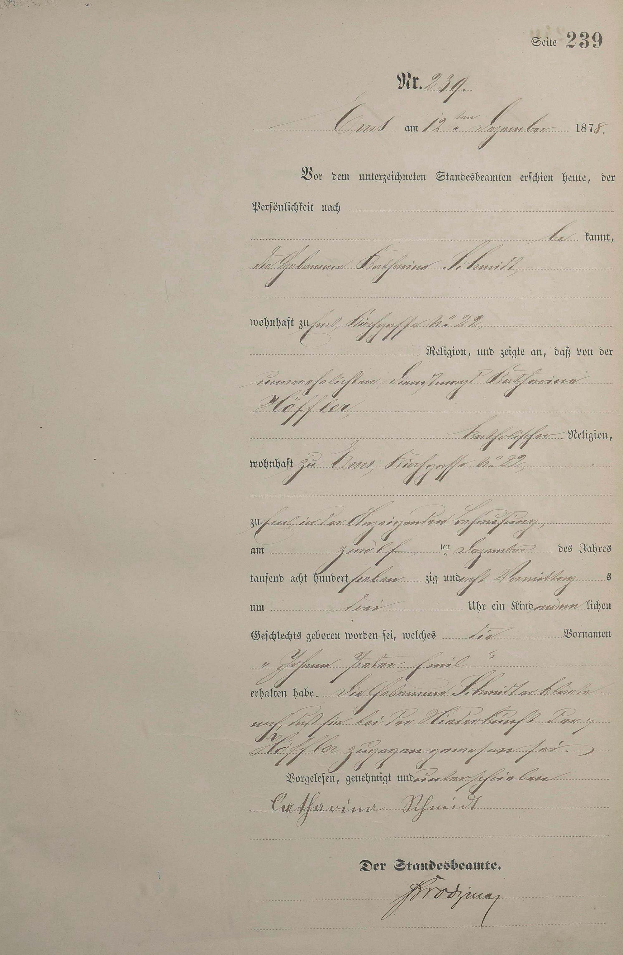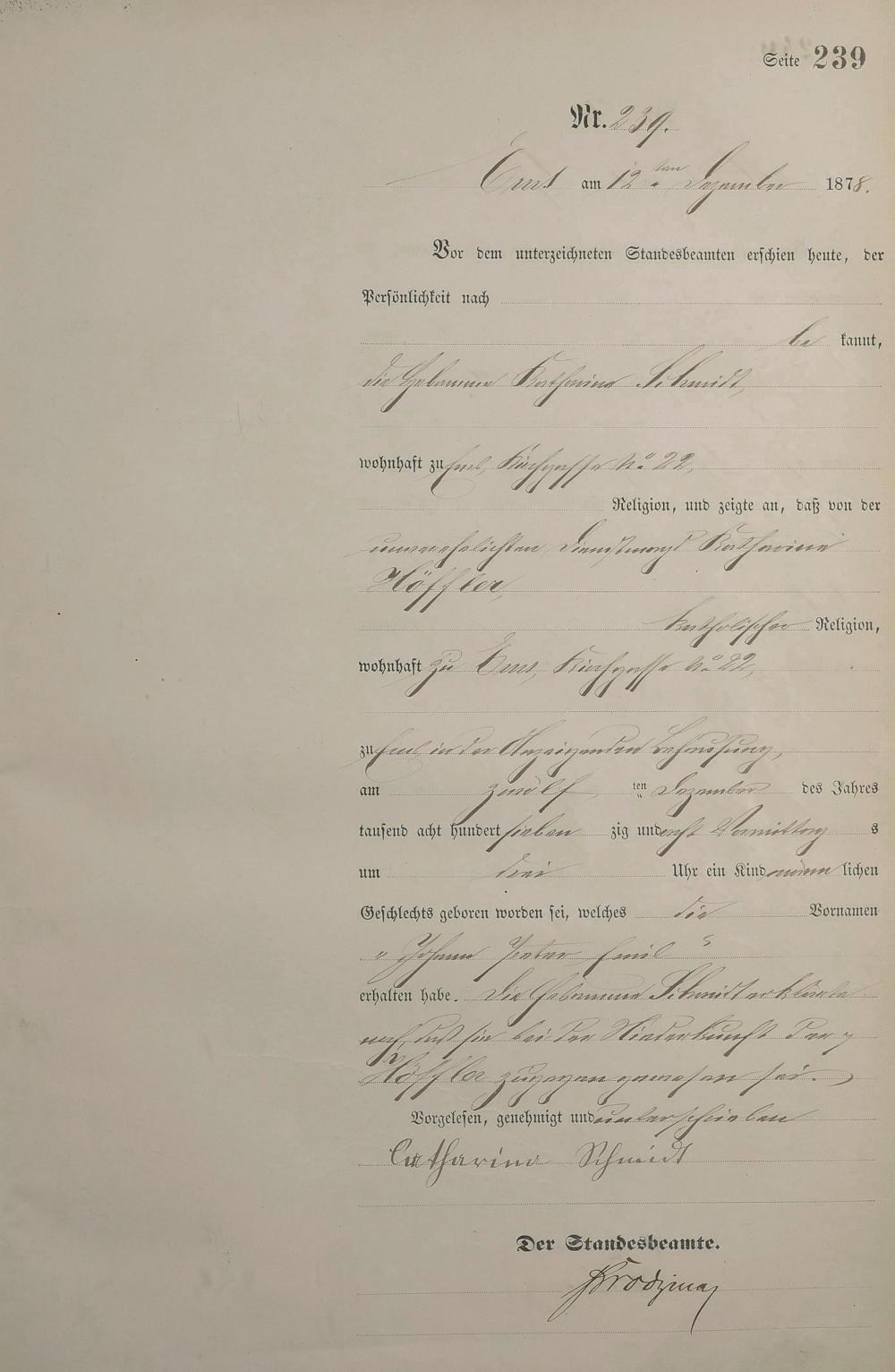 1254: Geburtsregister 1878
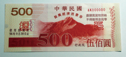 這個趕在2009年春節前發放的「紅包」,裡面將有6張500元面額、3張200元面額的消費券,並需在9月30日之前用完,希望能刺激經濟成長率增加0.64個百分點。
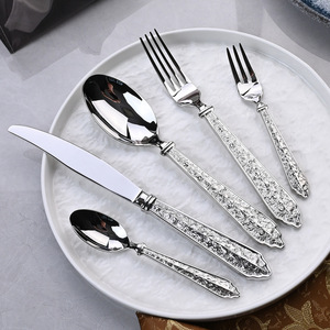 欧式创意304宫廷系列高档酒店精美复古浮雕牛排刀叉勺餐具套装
————————
• [Required action]: Take the listing above and restate it word for word, without its pictures.

• [Written reply]:
 1254: Geburtsregister 1878
 這個趕在2009年春節前發放的「紅包」,裡面將有6張500元面額、3張200元面額的消費券,並需在9月30日之前用完,希望能刺激經濟成長率增加0.64個百分點。
 欧式创意304宫廷系列高档酒店精美复古浮雕牛排刀叉勺餐具套装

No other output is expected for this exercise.